Exercise prompt » Here the job is to repeat the listing exactly, but not the pictures in it.

Data shown »
┌──

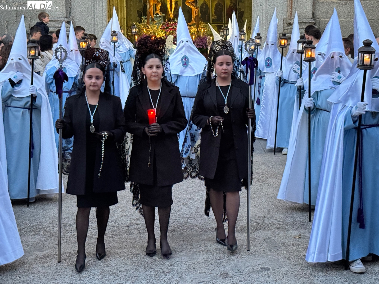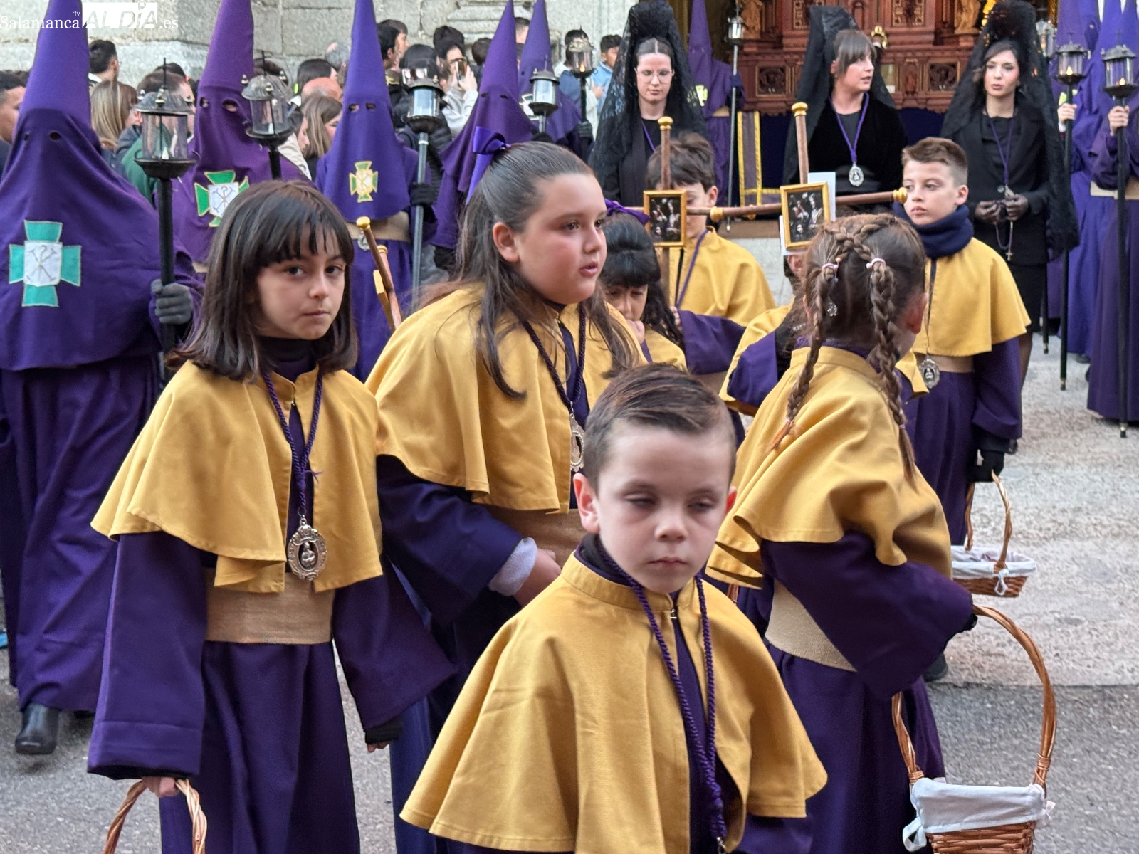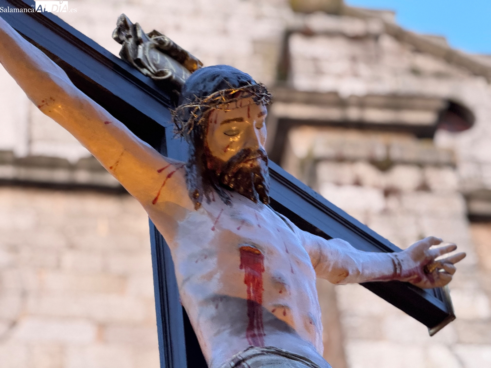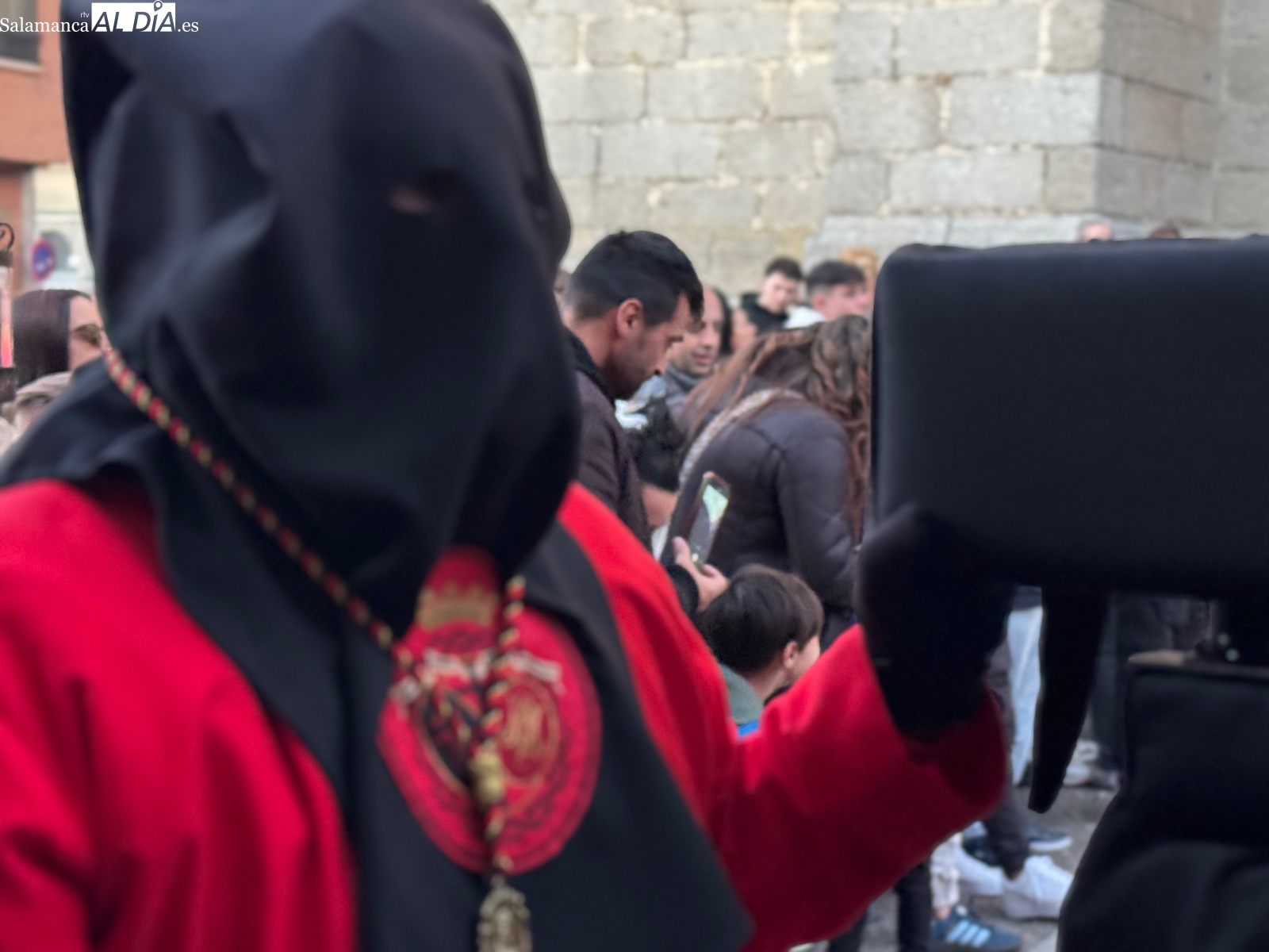 La procesión del Santo Entierro ha vuelto a recorrer en la tarde de este Viernes Santo las calles de Peñaranda, volviendo a convertirse en la cita más multitudinaria de la Semana Santa local. La cita, marcada por el recogimiento y la solemnidad propios de la jornada, congregó a miles de personas a lo largo de todo el itinerario.
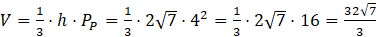 Oblicz pole podstawy ostrosłupa i jego objętość.
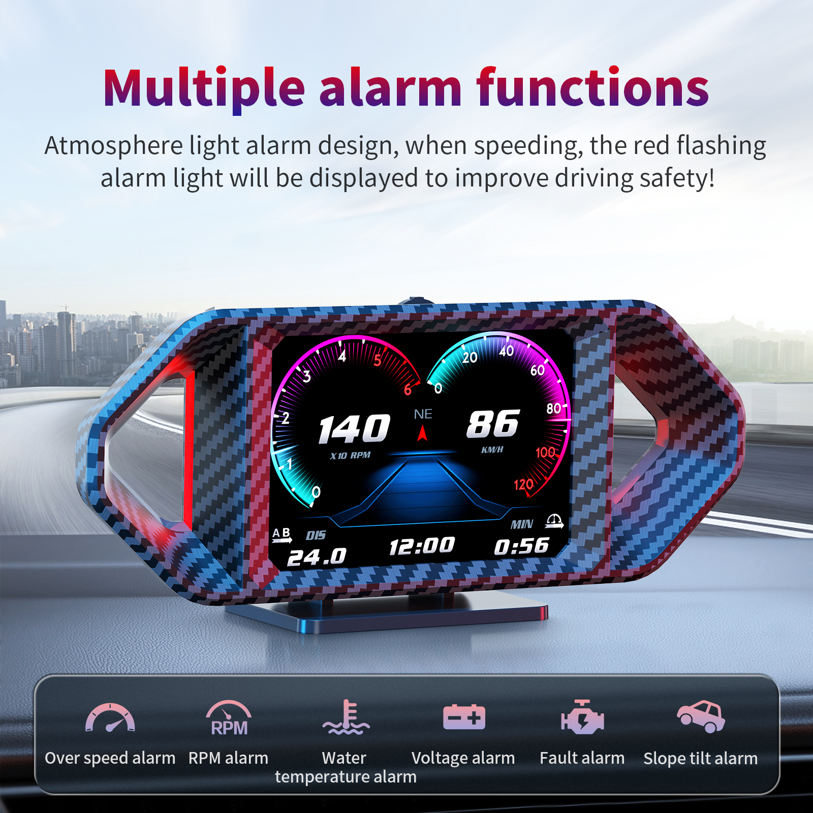P26 OBD2 Head-Up Display With Carbon Fiber Design – Driving Score, Alarms & Full Vehicle Data

└──

Answer area »
 La procesión del Santo Entierro ha vuelto a recorrer en la tarde de este Viernes Santo las calles de Peñaranda, volviendo a convertirse en la cita más multitudinaria de la Semana Santa local. La cita, marcada por el recogimiento y la solemnidad propios de la jornada, congregó a miles de personas a lo largo de todo el itinerario.
 Oblicz pole podstawy ostrosłupa i jego objętość.
P26 OBD2 Head-Up Display With Carbon Fiber Design – Driving Score, Alarms & Full Vehicle Data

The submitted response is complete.